- Commodore 64 cover art
- Publisher: Penguin Software
- Designer: Antonio Antiochia
- Platforms: Apple II, Atari 8-bit, Commodore 64, Mac, Amiga, Atari ST, MS-DOS, iOS
- Release: Apple II, Atari 8-bit, C64 WW: 1982; Mac WW: 1984; Amiga, ST, MS-DOS WW: 1985;
- Genre: Adventure
- Modes: Single-player, multiplayer

= Transylvania (video game) =

1982 video game

Transylvania is an adventure video game published by Penguin Software. It was released for the Apple II in 1982 followed by ports to the Atari 8-bit computers and Commodore 64. A Mac conversion was published in 1984, then versions for the Amiga, Atari ST, and MS-DOS in 1985.

==Plot==
Transylvania is a game in which the player takes on a quest to rescue Princess Sabrina, and must travel the countryside where a werewolf, a vampire, a prankster goblin, a witch, and an alien spaceship roam. The game gives the player a time limit (the player receives a note early in the game which reads, "Sabrina dies at dawn"), and the Princess is held in a coffin located in the castle tower.

==Reception==
Gregg Williams reviewed the game for Computer Gaming World, and stated that "I refer to the Atari 520 ST version of Polarware's Transylvania. The story line is fine, but the game makes almost no use of the ST's extra colors, resolution, or speed."

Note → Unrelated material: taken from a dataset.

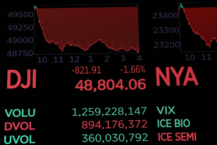 道瓊工業指數重跌821.91點或1.66%,收48804.06點。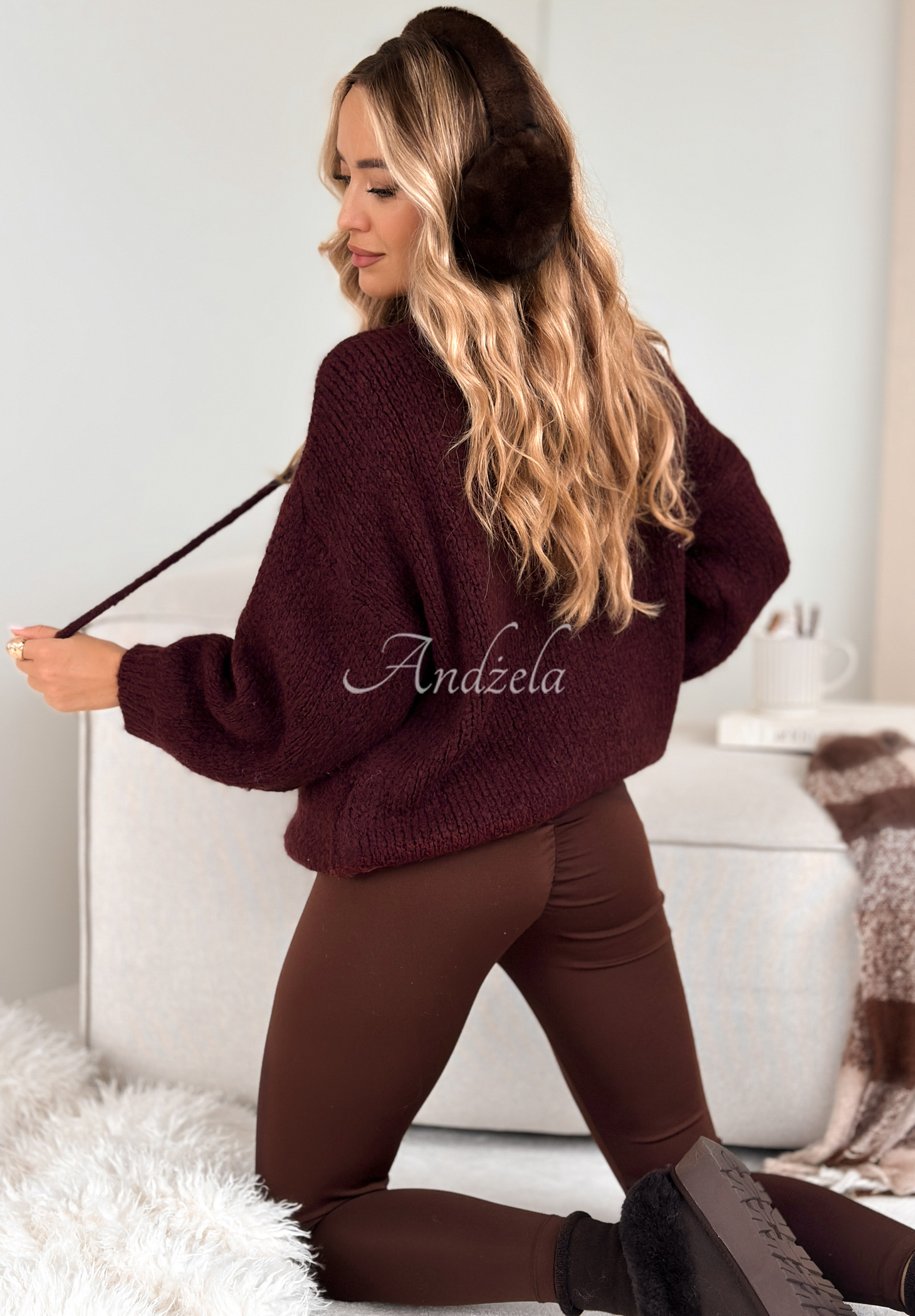 Oversize-Pullover mit Schnürung und Wolle Hug Me Tight Burgunderrot

The first game in the Transylvania series was well received, appearing in the Billboard and Softalk best-sellers charts and in The Wall Street Journal in a list of best-selling software. The Mac version sold over 15,000 copies within two months of release in 1984, accounting for over a fifth of all Mac owners at the time.

It received a Certificate of Merit in the category of "1984 Best Computer Game Audio-Visual Effects" at the 5th annual Arkie Awards. It is considered one of the best entries in the adventure game genre. ANALOG Computing disliked the Atari ST versions of the first and second games, stating that "There just wasn't much of a story line" and that the ideal player age was a young teenager, not an adult. Despite this, however, because of their low price and "excellent" production values, graphics, and parser, the magazine recommended the games for those seeking graphic adventures for the ST.

==Legacy==
An iPhone version of Transylvania was released on October 30, 2009 under the name Transylvania Adventure with retro-styled graphics.